Number of partitions in RDD and performance in Spark
To add to javadba's excellent answer, I recall the docs recommend to have your number of partitions set to 3 or 4 times the number of CPU cores in your cluster so that the work gets distributed more evenly among the available CPU cores. Meaning, if you only have 1 partition per CPU core in the cluster you will have to wait for the one longest running task to complete but if you had broken that down further the workload would be more evenly balanced with fast and slow running tasks evening out.
Number of partition have high impact on spark's code performance.

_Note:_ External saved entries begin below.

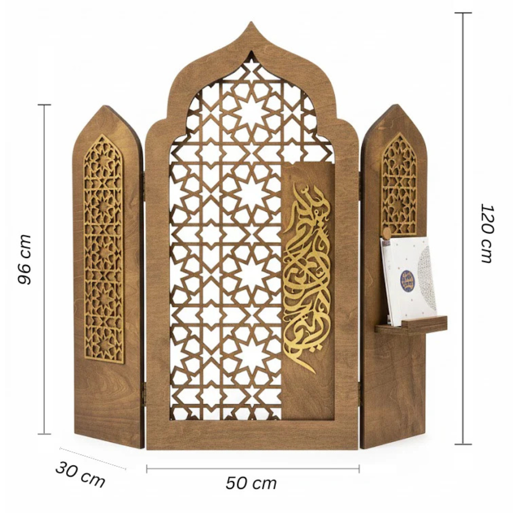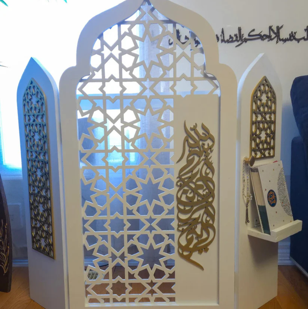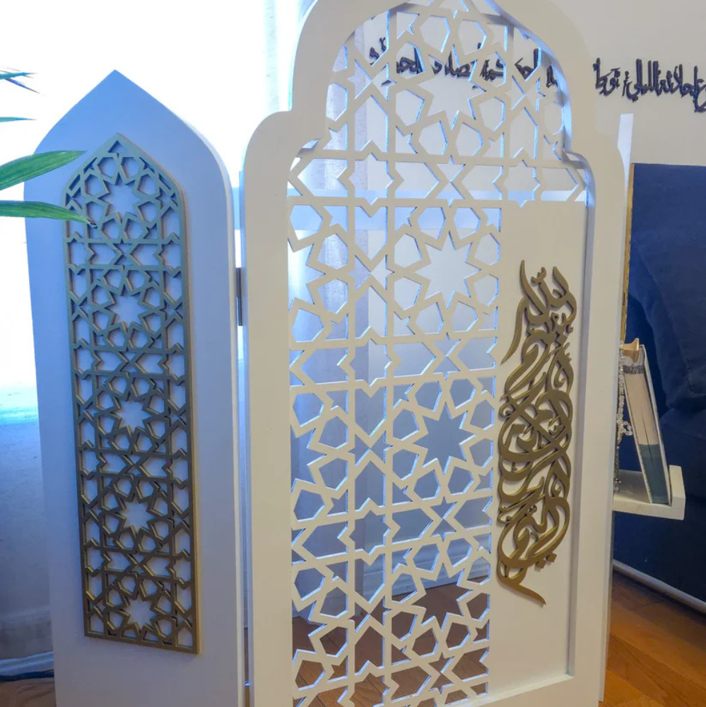 Mihrab El Noor transforme votre espace en un véritable lieu de recueillement, grâce à son design islamique élégant et ses motifs géométriques finement ajourés, pour une atmosphère calme et spirituelle.
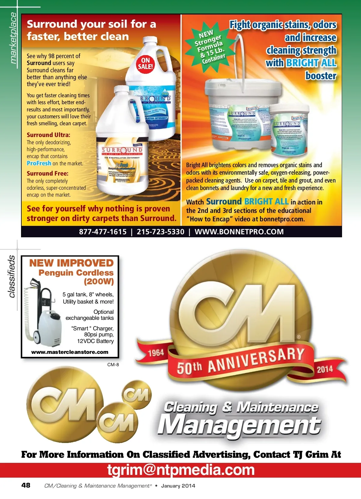 marketplace Surround your soil for a n faster, better clean AM See why 98 percent of Surround users say Surround cleans far better than anything else they’ve ever tried! Page 1 You get faster cleaning times with less effort, better end-results and most importantly, your customers will love their fresh smelling, clean carpet. NEW Stronger Formula Lb. & 15 Container Fight organic stains, odors and increase cleaning strength with BRIGHT ALL booster Surround Ultra: The only deodorizing, high-performance, encap that contains ProFresh on the market. Surround Free: The only completely odorless, super-concentrated encap on the market. Bright All brightens colors and removes organic stains and odors with its environmentally safe, oxygen-releasing, power-packed cleaning agents. Use on carpet, tile and grout, and even clean bonnets and laundry for a new and fresh experience. See for yourself why nothing is proven stronger on dirty carpets than Surround. Watch Surround BRIGHT ALL in action in the 2nd and 3rd sections of the educational “How to Encap” video at bonnetpro.com. 877-477-1615 | 215-723-5330 | WWW.BONNETPRO.COM classifieds NEW IMPROVED Penguin Cordless (200W) 5 gal tank, 8" wheels, Utility basket & more! Optional exchangeable tanks "Smart " Charger, 80psi pump, 12VDC Battery www.mastercleanstore.com CM-8 For More Information On Classified Advertising, Contact TJ Grim At [email protected] 48 CM/Cleaning & Maintenance Management ® • January 2014
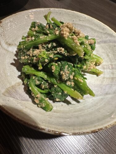 まずは菜花の胡麻和えをいただきます。こういうお料理ほんと大好きです。一人でガツガツたべてしまって一緒に行ってくれた方の分まで食べちゃいました。(笑)
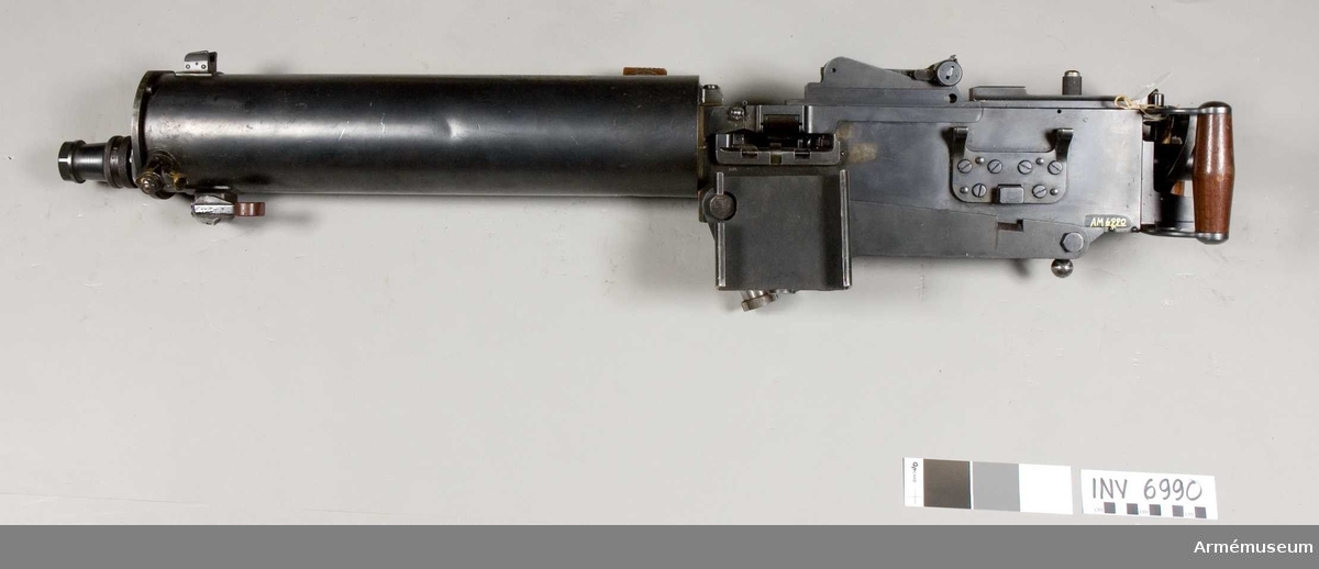Kulspruta m/1914 in 6.5×55mm.[15] About 1300 were produced by the state small arms factory between 1914 and 1930.
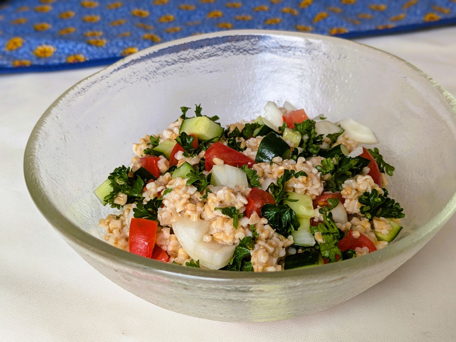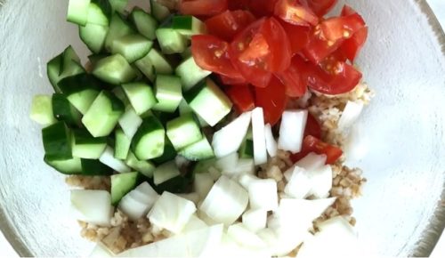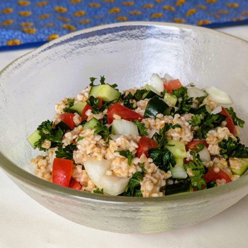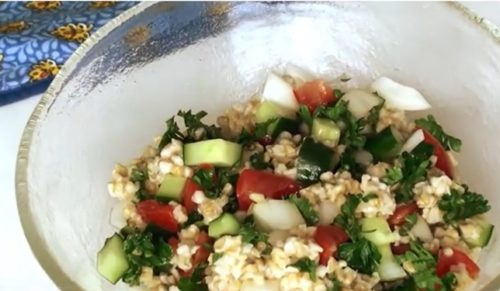 オートミールを使った、フランスではおなじみのサラダ、タブレの作り方です。スムールというパスタの代わりに、スティールカットオーツを使います。きゅうりやトマト、玉ねぎを混ぜるだけの簡単レシピ。食物繊維が豊富で栄養バランスのいいサラダです。

Ideally the spark partition implies how much data you want to shuffle. Normally you should set this parameter on your shuffle size(shuffle read/write) and then you can set the number of partition as 128 to 256 MB per partition to gain maximum performance.

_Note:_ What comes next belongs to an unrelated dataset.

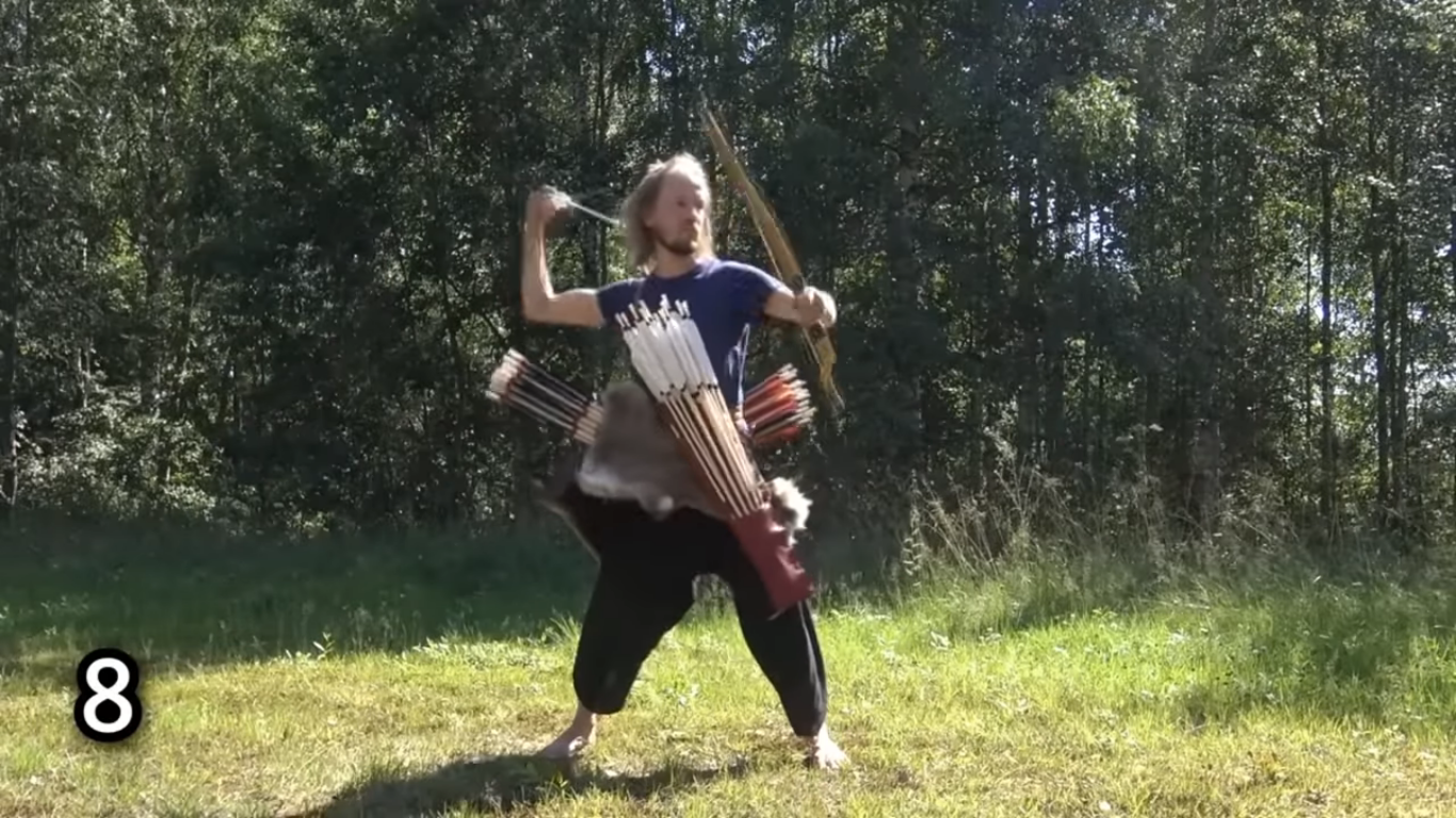 HistoryKittyЛук имеет неоспоримые преимущества. Первым из них является скорострельность. Она полностью зависит от мастерства лучника. Некоторые умудряются выпускать одну стрелу в секунду, но в целом с боевым луком она составляет примерно 10-12 стрел в минуту. На норматив "10 стрел в минуту, 7 из них должно попасть в мишень" я вышел с околонулевого уровня за два часа под руководством опытного наставника.
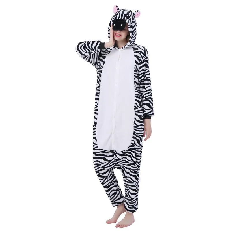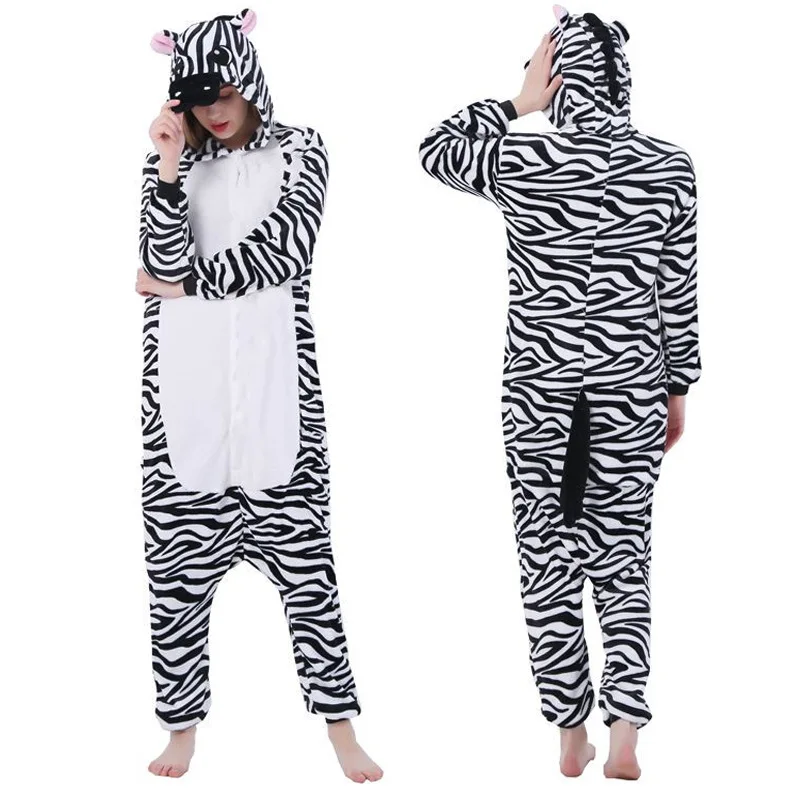 Пижама-Кигуруми для взрослых, комбинезон в виде зебры, зимний комбинезон с капюшоном, костюмы на Хэллоуин для женщин и мужчин, одежда для сна

You can set partition in your spark sql code by setting the property as:
spark.sql.shuffle.partitions
or while using any dataframe you can set this by below:
df.repartition(numOfPartitions)
The primary effect would be by specifying too few partitions or far too many partitions.
Too few partitions You will not utilize all of the cores available in the cluster.
Too many partitions There will be excessive overhead in managing many small tasks.
Between the two the first one is far more impactful on performance. Scheduling too many smalls tasks is a relatively small impact at this point for partition counts below 1000. If you have on the order of tens of thousands of partitions then spark gets very slow.